More on Port Security

More on Port Security

24 February 2006 · No Comments

I chimed in earlier with my €0.02 on the ports issue. Americablog points out that the New York Times has run a column on what should be the common thread between both sides of the issue — a lack of existing port security.

Only 4 percent or 5 percent of those containers are inspected. There is virtually no standard for how containers are sealed, or for certifying the identities of thousands of drivers who enter and leave the ports to pick them up. If a nuclear weapon is put inside a container ” the real fear here ” “it will probably happen when some truck driver is paid off to take a long lunch, before he even gets near a terminal,” said Mr. Flynn, the ports security expert.[...]

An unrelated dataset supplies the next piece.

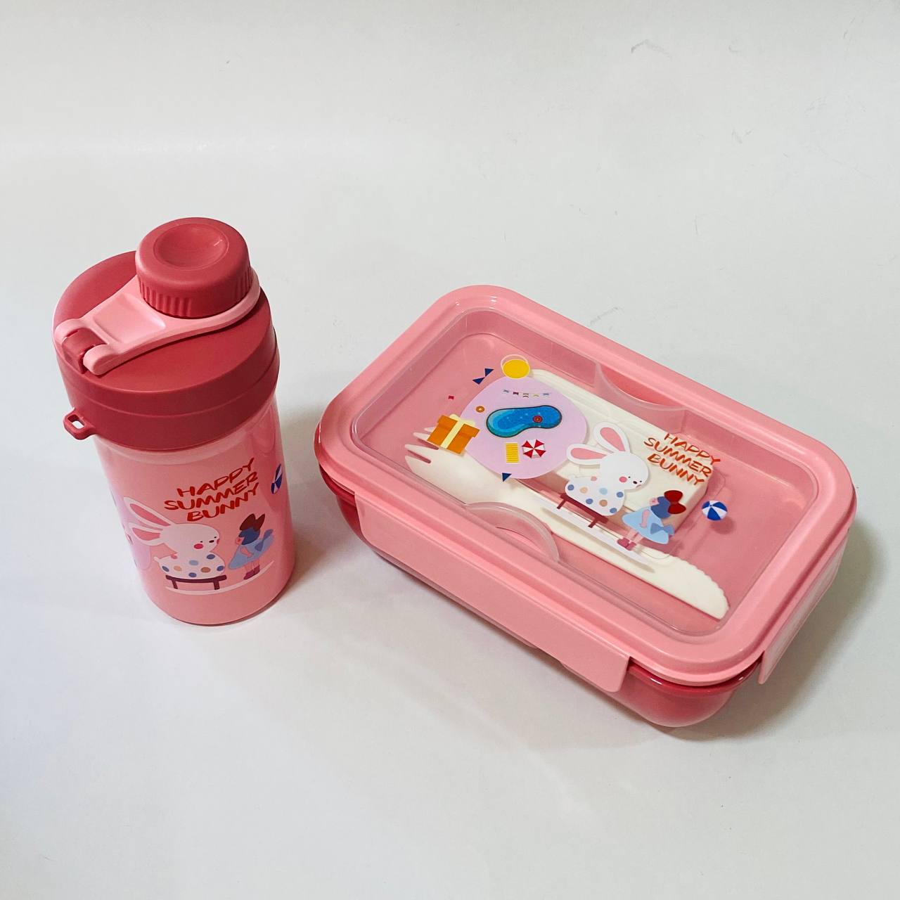 لانش بوكس مع ترمس للأطفال بلاستيك كيوت ، مناسبة للفطور ووجبات المدرسة والتنزه

“I’m not worried about who is running the New York port,” a senior inspector for the International Atomic Energy Agency said, insisting he could not be named because the agency’s work is considered confidential. “I’m worried about what arrives at the New York port.”

That port, along with the five others Dubai Ports hopes to manage, are the last line of defense to stop a weapon from entering this country. But Mr. Seymour, head of the subsidiary now running the operations, says only one of the six ports whose fate is being debated so fiercely is equipped with a working radiation-detection system that every cargo container must pass through.

I wish that this aspect of the story would get a bit more play in the mainstream media. When you get down to it, that is the core problem. If we had decent security in place, ownership of the port operations would be a mostly moot point.

Yes, such security measures would be expensive. However, experience in Hong Kong suggests that it is doable. And if money is the issue — consider whether it would be cheaper to tighten security, or to clean up the mess if a nuke were detonated in the Port of Baltimore. (Imagine the loss of culture is Dundalk went up in a puff of radioactive smoke!)

However, this is an election year, so naturally the media and the politicians will hook on to the easiest-to-grasp aspect of this whole affair, magnifiy it, and run with it until the public becomes exhausted with the matter.